最近よくフローとストックがごっちゃになった議論を耳にする。代表的なのは「日本の個人金融資産は2000兆円もあるのだから、それを1%(=20兆円)でも使えば、経済が活性化しGDPが成長する」とか「高齢者はお金を貯蓄しているだけなので、貯蓄を若者に回せば消費が増えGDPが成長する」などだ。

一見正しいように聞こえるが、実際は全くのニセ経済学だ。以前も説明したが、金融資産とは「貸しましたの記帳」に過ぎない。一方で金融負債は「借りましたの記帳」で、帳簿上の幻の資産と負債だ。そして金融資産と金融負債を足すと必ずゼロになる。
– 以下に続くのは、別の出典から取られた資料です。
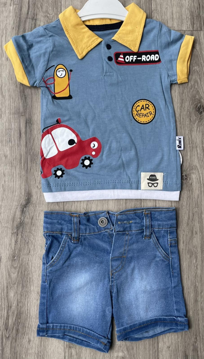 Костюм Ronix «Car» бледно-синий, мальчик 6-9-12-18 месяцев оптом уп. - 4 шт.
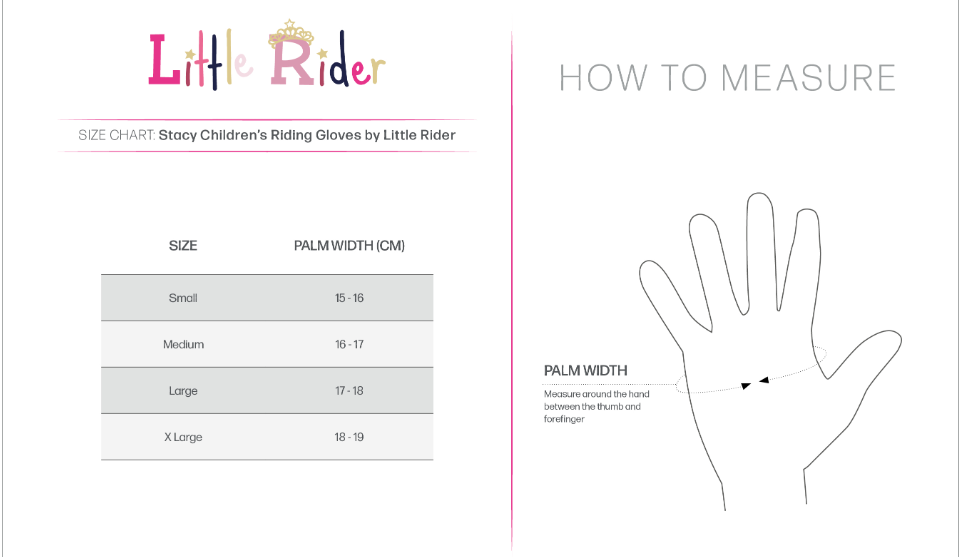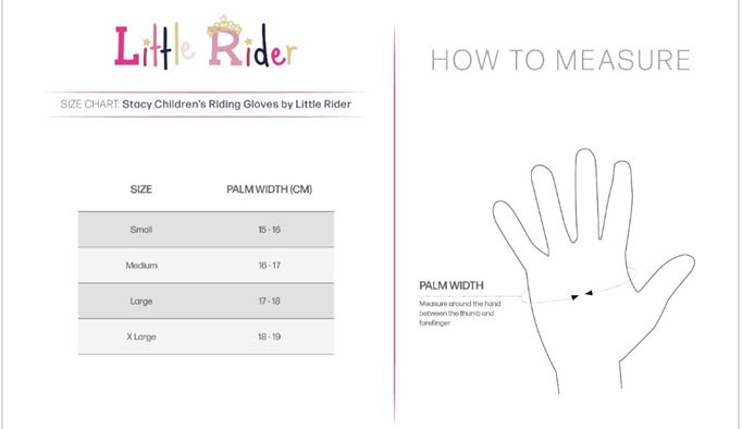 These cute Stacy Children's Riding Gloves by Little Rider have added reinforcement to prevent excess wear from the reins. The touch tape fastenings complete with Little Rider emblem really finish the gloves off.
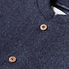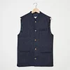 A true bestseller, the Nehru waistcoat is our specialty. This season we’ve gone for a Navy Blue Herringbone, made from a textured 100% Wool. Lighter weight than you’d imagine, the Navy Nehru waistcoat sits happily over your favourite knitwear. All the classic Nehru features are here, the mandarin collar, the welt pockets and not to mention our signature coconut buttons. Designed to allow free movement, the Nehru waistcoat is truly versatile and lends itself well to any occasion. Team it with our Elbow Patch Jumpers for a laidback, easy look.

金融資産と金融負債は「ストック」で、GDPはその年の付加価値の合計なので「フロー」となる。そして「ストック」は既に何かに使われているお金なので、2度と使うことは出来ない。原理的に「ストック」は「フロー」に回ることは出来ないのだ。

しかし、一見すると「貯蓄(=ストック)を下ろして、10万円のパソコンを購入(=フロー)した」ように見えるのは何故だろうか?

それは、その反対側に「お金を稼いで(=フロー)、借金を返済(=ストック)している人」がいるからだ。要はこの人は消費(=フロー)を抑えて返済に回しており、それでバランスしている。だから一見すると個人(=ミクロ)では、貯蓄を下ろしてパソコンを買った「ストック→フロー」ように見えるが、社会全体(=マクロ)ではGDP(=フロー)が増えるわけではないのだ。

このマクロの動きは「直感」として分かりづらく、ニセ経済学が蔓延る原因となっている。